В декабре же вечер поэтов в Академии художеств, где читали и Блок и Сологуб и Ахматова и многие другие; вечер, уже не популярный, собрал переполненный внимательными слушателями зал. В общем же искусство было придавлено. В Москве, пожалуй, было благополучнее. Там и все тот же привычный кружок писателей возле «Московского книгоиздательства» с Ив. Буниным во главе устраивал периодические вечера, и Маяковский со своей компанией докладывал приютившимся за столиками посетителям его вечеров:
«Ешь ананасы,
Рябчика жуй,
Последний твой денечек
Приходит, буржуй».
Почти единодушно за немногими исключениями (из них отметим статьи А. Блока в казенном петроградском «Знамени труда») писатели и поэты отказались участвовать в большевистских изданиях. Соглашающихся возили для очистки от буржуйности в Кронштадт на матросские вечера и потом признавали невиновными в «саботаже» и «соглашательстве». Первым совершил эту поездку маститый Ясинский, которого уж никак нельзя было заподозрить в пристрастиях к крайним течениям в политике.
Не избег этого и Шаляпин, удостоенный лаврового венка и похвальной статьи в «Известиях».
В общем же, эстетическая жизнь замерла в обеих столицах.
Я не был удивлен, увидев в Тифлисе объявления о художественном журнале и эстетических вечерах: всюду, где есть возможность жить, пробиваются и художественные начинания.

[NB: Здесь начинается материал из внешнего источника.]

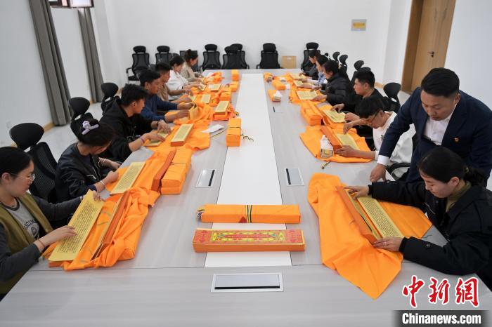 2月27日,在甘肅甘南藏族自治州碌曲縣益西達(dá)吉科技有限公司內(nèi),工作人員正在進(jìn)行藏文古籍?dāng)?shù)字化相關(guān)工作。該公司主要從事民族古籍?dāng)?shù)字化建設(shè)和古籍文獻(xiàn)數(shù)據(jù)庫建設(shè),自2019年以來,承擔(dān)西藏、四川、甘肅等省區(qū)的藏文古籍?dāng)?shù)字化項(xiàng)目。圖為工作人員對藏文古籍(木刻版)做數(shù)字化工作前期準(zhǔn)備。中新社記者 九美旦增 攝
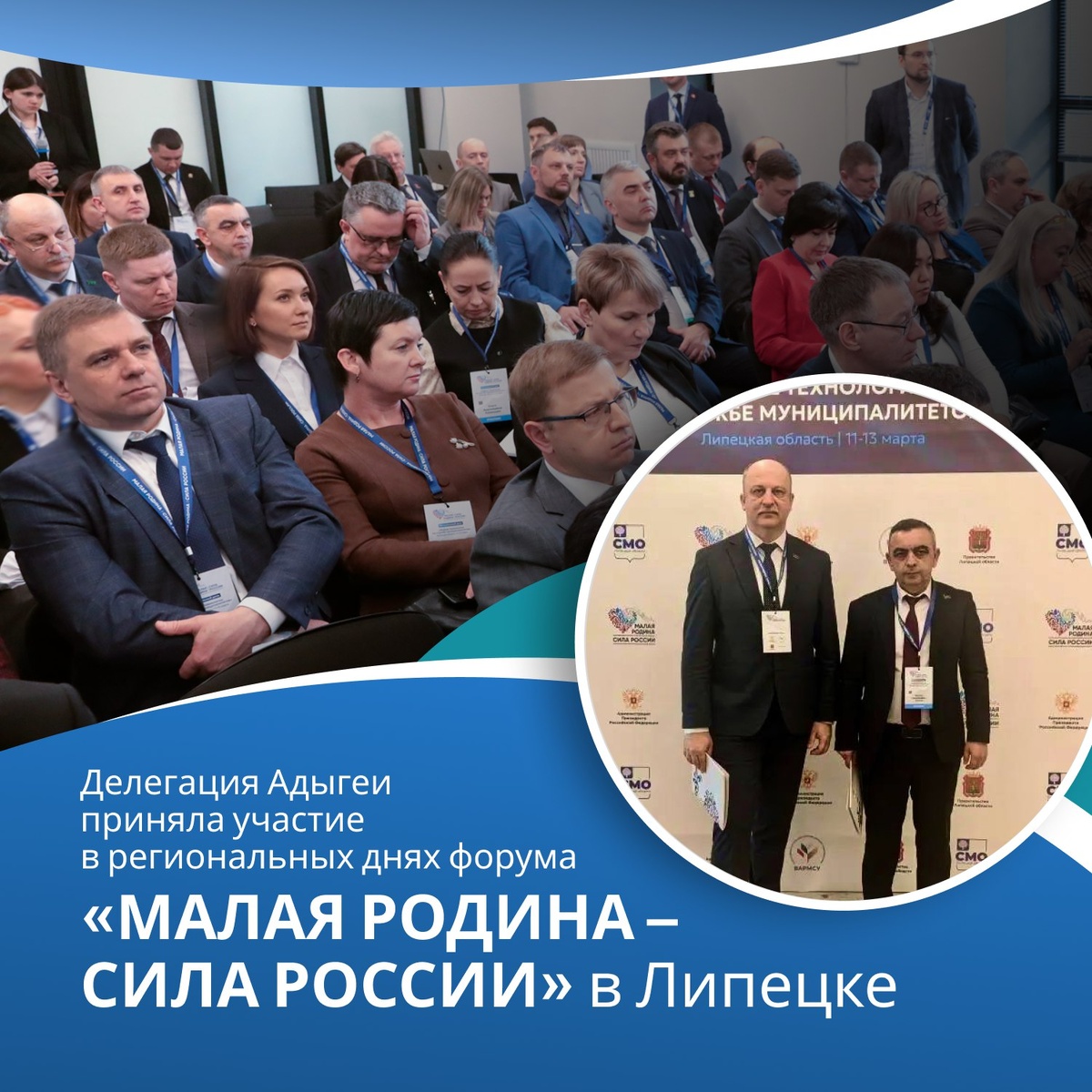 На прошлой неделе в Липецкой области прошли седьмые региональные дни III Всероссийского муниципального форума «МАЛАЯ РОДИНА – СИЛА РОССИИ». Тема площадки — «Новые технологии на службе муниципалитета». Мероприятие объединило порядка 500 участников: представителей муниципалитетов, федеральных и региональных органов власти, Совета Федерации, Госдумы и общественных организаций. Нашу республику на форуме представили главы администраций Шовгеновского района Рашид Аутлев и Гиагинского района - Андрей Таранухин. С приветствием ко всем участникам форума обратился замначальника управления президента РФ по внутренней политике Евгений Грачев. Он подчеркнул необходимость работы на опережение, важность грамотного применения инноваций и сохранения человеческого участия. Сопредседатель ВАРМСУ Ирина Гусева подчеркнула, что в центре любых решений всегда остается человек.
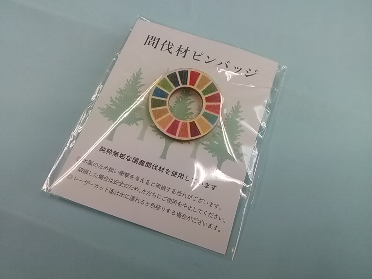 さらに「スタッフにはこれからピンバッジを配ろうと思ってるんですよ」とお話したら「それなら御社にぴったりなのがありますよ」と間伐材でできたピンバッジを紹介していただきました。木造住宅を主たる事業とする当社にはまさにピッタリ!Amazonでどれにしたらいいのかなーと迷っていたので助かりました。これもすでに発注済みです。
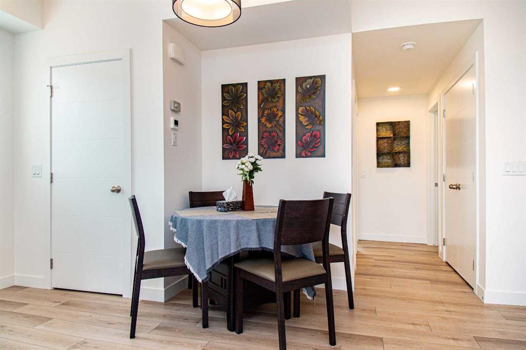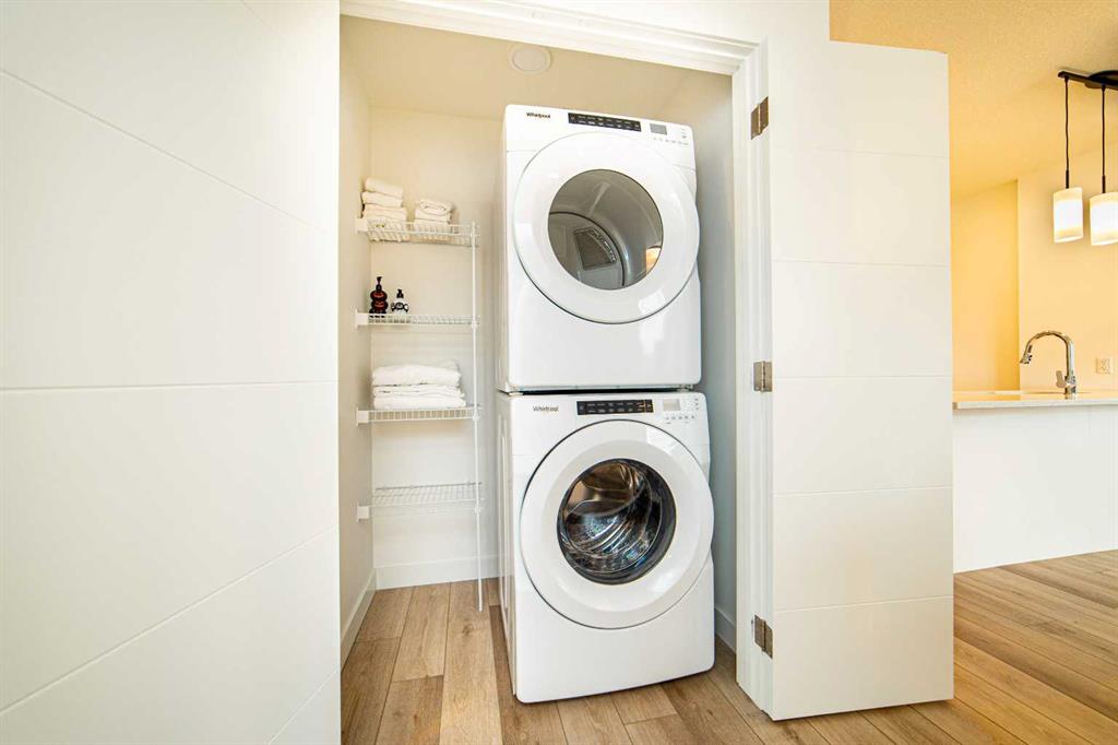 Welcome to functional urban living in the heart of Springbank Hill! This beautiful 2-bed, 2-bath end-unit stacked townhouse with a single attached garage offers over 1000 sq ft of stylish, low-maintenance living in one of Calgary’s most desirable communities. The home features a spacious front patio with A/C rough-in, an open-concept layout with large windows and vinyl plank flooring throughout, and numerous upgrades including quartz countertops, shaker cabinets with modern hardware, upgraded lighting, backsplash, sink, door hardware, and refrigerator. The primary suite includes a 4-piece ensuite, and a large closet, while the bright living room opens to a large private balcony with glass walls—perfect for relaxing or entertaining. Enjoy unbeatable convenience with low condo fees, a retail plaza within the complex, Aspen Landing Shopping Centre just across the street, and top schools like Webber Academy, Calgary Academy, and Rundle College minutes away. With easy access to 85 St SW, 17 Ave SW, Stoney Trail, and the 69 Street LRT station only 2 minutes away, this move-in-ready home is ideal for families, young professionals, or investors—don’t miss your chance to own in Springbank Hill!
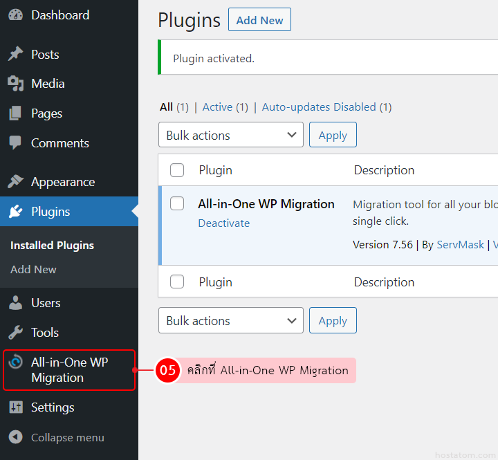 ติดตั้งและเปิดใช้งานปลั๊กอิน All-in-One WP Migration บนเว็บไซต์เก่า (aaa.com)
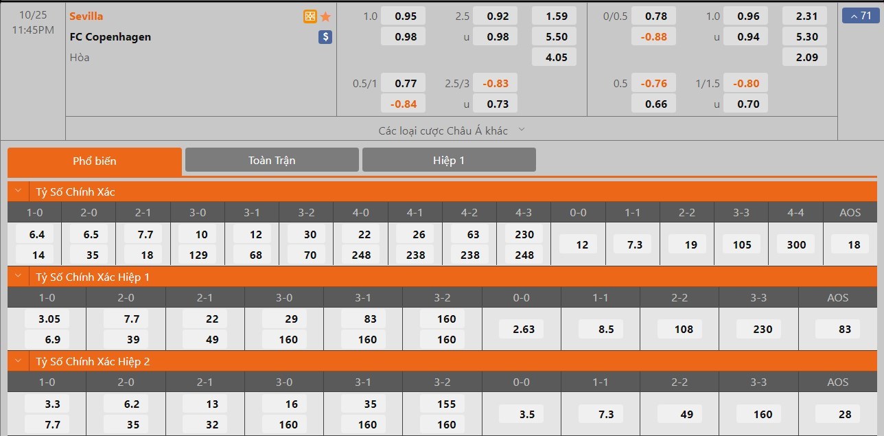 Tỷ lệ cược của Sevilla và Copenhagen ở kèo đấu này có sự chênh lệch rất lớn. Kết quả Sevilla thắng trận có tỷ lệ cược chỉ là 1 ăn 1.59 trong khi đó kết quả Copenhagen thắng trận có tỷ lệ cược là 1 ăn 5.50. Tỷ số hòa có tỷ lệ cược là 1 ăn 4.05. Xét về chất lượng đội hình và cả trình độ, Sevilla vẫn đang nhỉnh hơn Copenhagen không ít. Đây còn là trận đấu mà Sevilla có lợi thế sân nhà và họ có thể vẫn sẽ có được 3 điểm quan trọng.

В январе в Ростове мне бросились в глаза объявления о «Вечере 13». Пошел; имена сплошь незнакомые: молодежь гимназического возраста. Кое-кто, усвоив себе эффектные псевдонимы вроде «Дар Гер» и «Скалагримм Березарк», дивил милую, но все же провинциальную публику плохими подражаниями Северянину и Маяковскому, в простоте душевной принимая их за последний крик моды, но в некоторых (прежде всего М. Лещинский) чувствовалось неокрепшее, но оригинальное дарование.
Как бы там ни было, вечер поэтов. Радуешься и тому, что дала молодежь, имевшая смелость устроить свой вечер.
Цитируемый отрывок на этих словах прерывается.